Yu: I could go on for hours to answer that! Research for me is to discover something for the first time, something that no one else has done before. This is really what excites me! And this is what I use to motivate people in my lab. When we observe something under the microscope that people haven’t observed before, it’s a thrill! Especially the satisfaction you feel when you find out for the first time that your hypothesis is proven true. And I really hope that this will be the case for all our experiments. This is an important drive I seek when recruiting. Also, I am always thrilled when people come up to you at conferences or online to tell you they managed to reproduce your research. This is the best way to know that your research is actually being useful to other people, and that you're actually contributing to the advancement of science. I see science as an equaliser, because no matter what humble background we’ve come from we’re still allowed an equal chance in witnessing something novel and achieving something cool, because science is borderless and our research serves the entire humankind.

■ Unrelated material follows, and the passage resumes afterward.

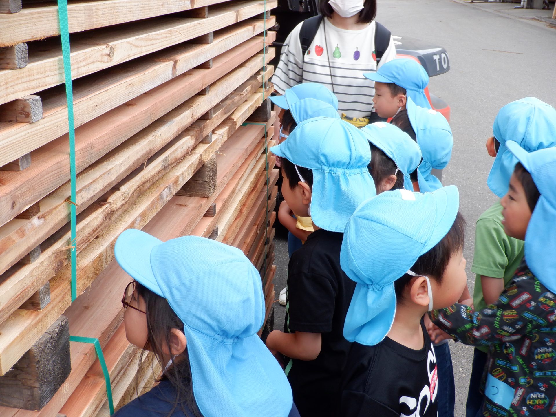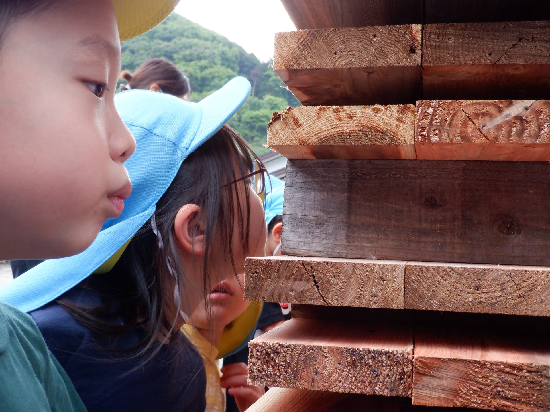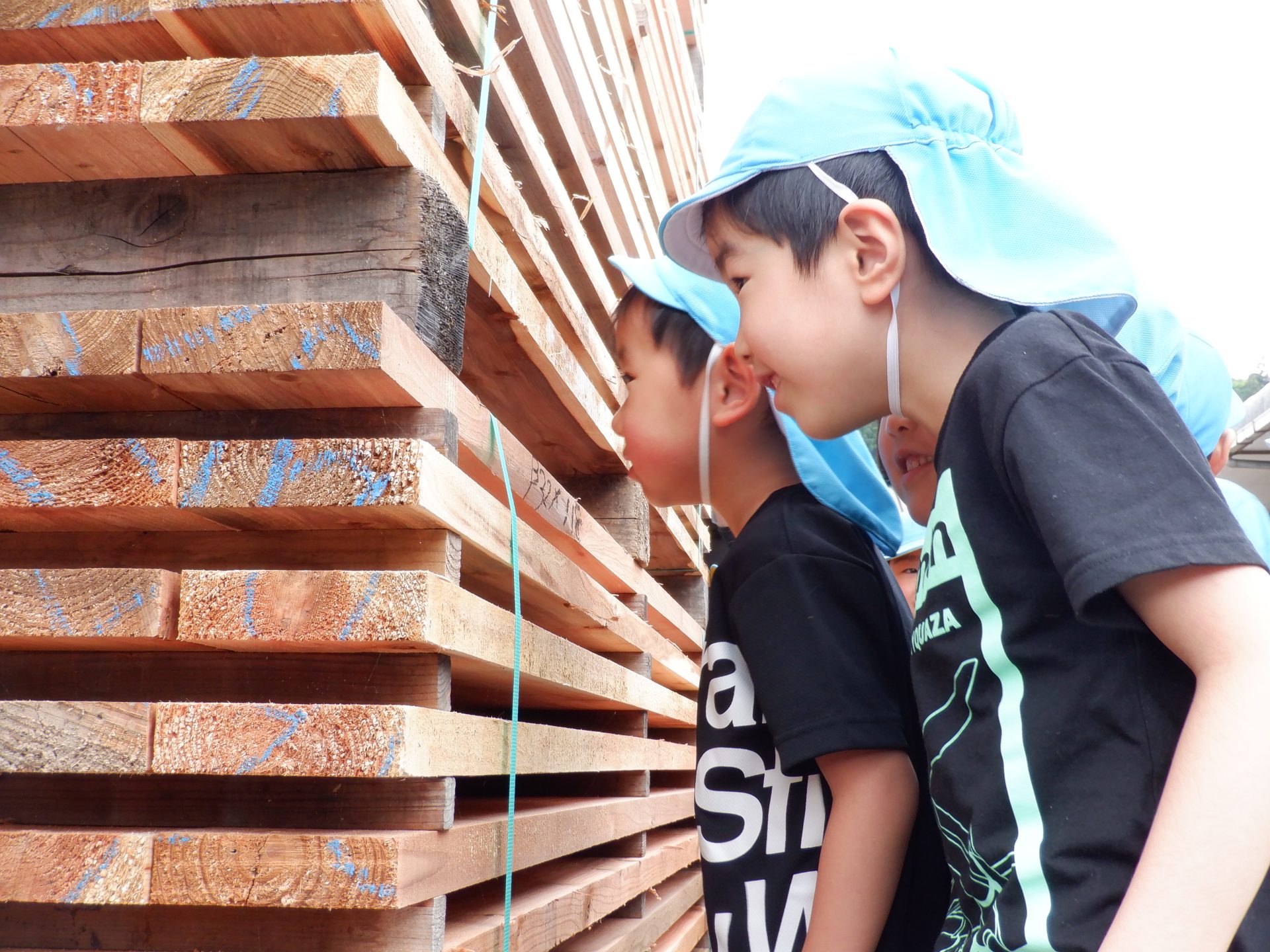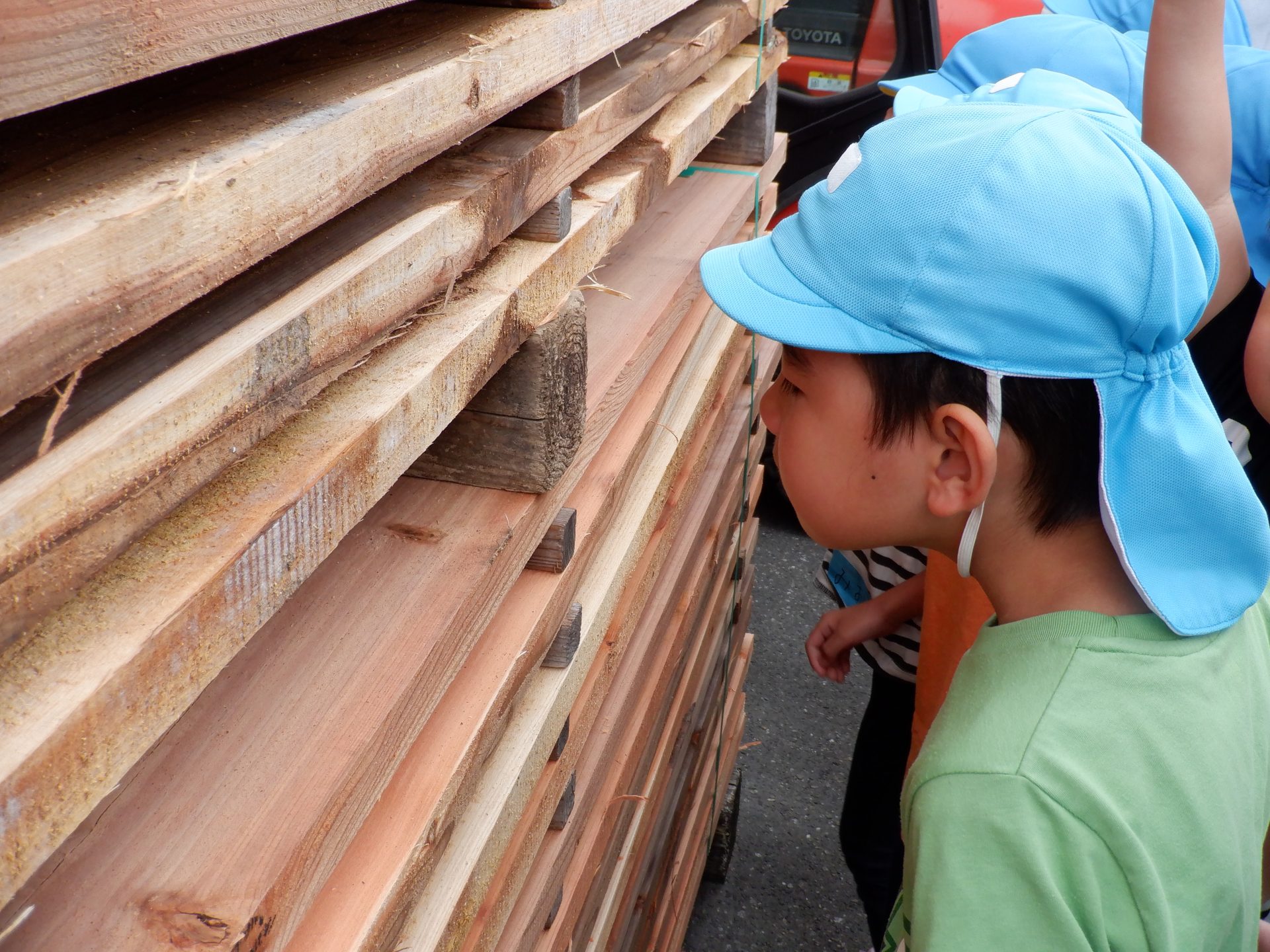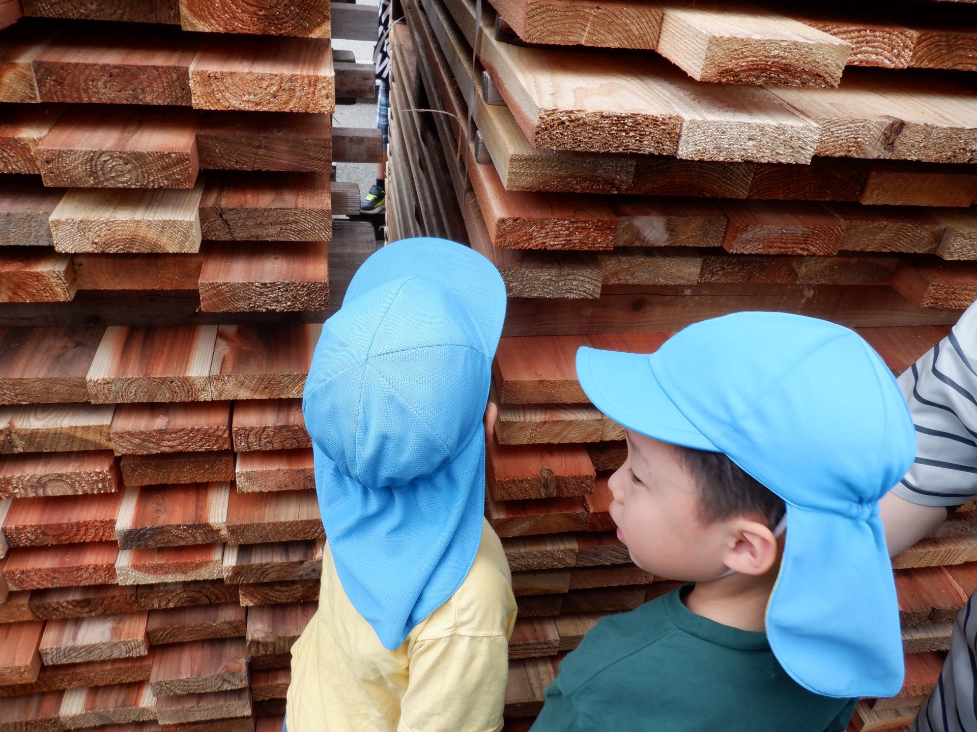 次に、外に出て、工場見学です。外に出ると、あつみ杉のいい匂いが広がっています。板状に加工されたあつみ杉がたくさん並んでいました。早速、匂いをかいだり、触ってみたりと、好奇心がとまりません。

Maria: So, are you optimistic that we will have a breakthrough in Dementia Research?
Yu: Absolutely, 100%.
Maria: Why do you say that?
Yu: Well, I think we have already come a long way. If you think about 30 years back, people couldn’t differentiate between the pathology of many types of dementia. Although we still have a long way to go, dementia research is now gaining momentum.
I think to achieve our goals, interdisciplinary research is really what is critical here. For the ‘traditional’ diseases, e.g. bacterial and viral infection, we can perhaps drive a more focused research to identify a monotherapy. Now for dementia and related disorders, we really require a multidisciplinary approach: first, to understand the whole picture of dementia including its causes, and second, to find a whole range of therapeutic interventions to target the various dysregulated biological aspects. And I really think that for complex neurodegenerative diseases, rather than a single target therapy, what we need is a range of therapies targeting different pathways to prevent the disease from progressing.